◆ **AVAILABLE RECORDS**
━━━━━━━━

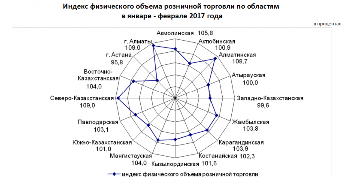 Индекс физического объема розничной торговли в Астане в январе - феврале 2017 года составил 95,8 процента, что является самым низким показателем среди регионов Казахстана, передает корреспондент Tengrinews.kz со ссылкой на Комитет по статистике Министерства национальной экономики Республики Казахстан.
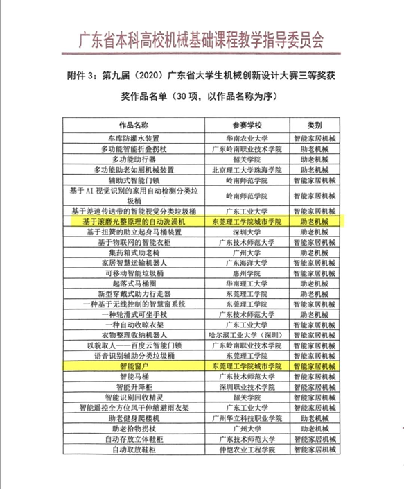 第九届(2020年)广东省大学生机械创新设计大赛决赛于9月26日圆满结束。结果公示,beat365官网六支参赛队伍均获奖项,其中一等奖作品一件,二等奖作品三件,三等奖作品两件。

━━━━━━━━

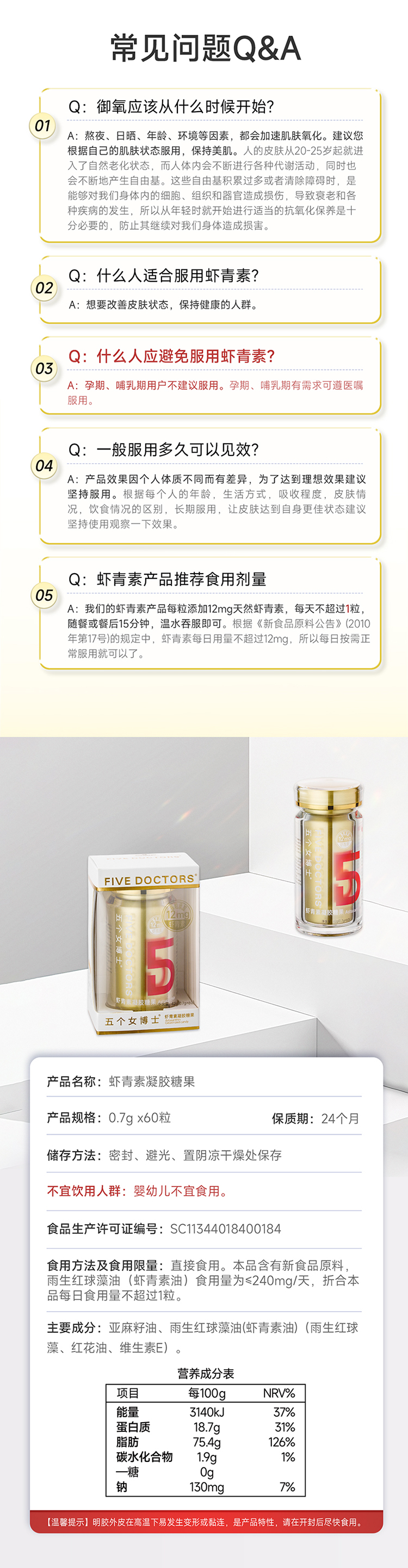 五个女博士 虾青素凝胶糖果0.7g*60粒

━━━━━━━━

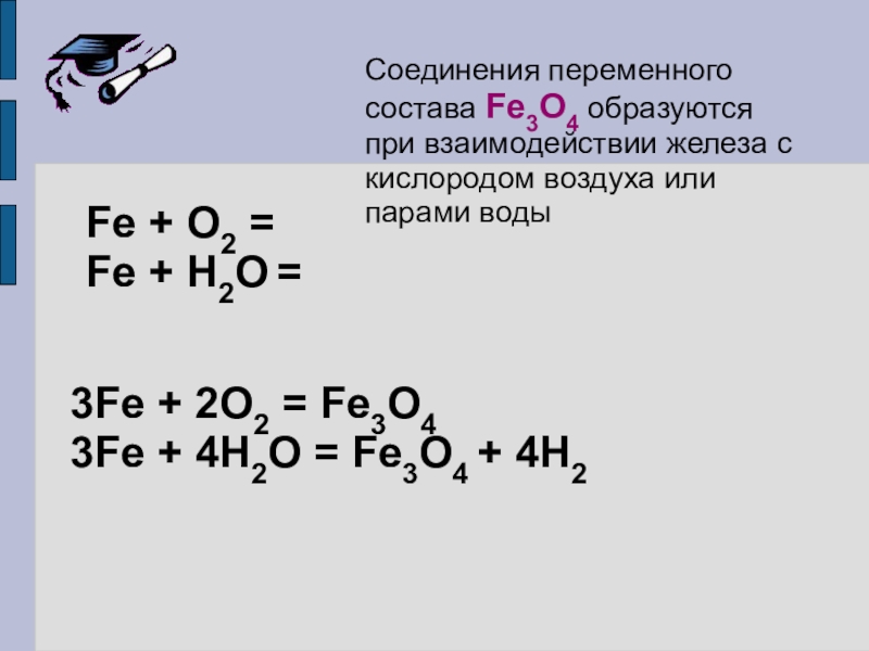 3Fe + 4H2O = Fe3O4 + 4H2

━━━━━━━━

◆ **PROBLEM DETAILS**
Write out exactly the lines above between the one with "Индекс физического объема" and the one with "第九届(2020年)广东省大", inclusive, with pictures left out.

◆ **SOLUTION TO THE EXERCISE**
 Индекс физического объема розничной торговли в Астане в январе - феврале 2017 года составил 95,8 процента, что является самым низким показателем среди регионов Казахстана, передает корреспондент Tengrinews.kz со ссылкой на Комитет по статистике Министерства национальной экономики Республики Казахстан.
 第九届(2020年)广东省大学生机械创新设计大赛决赛于9月26日圆满结束。结果公示,beat365官网六支参赛队伍均获奖项,其中一等奖作品一件,二等奖作品三件,三等奖作品两件。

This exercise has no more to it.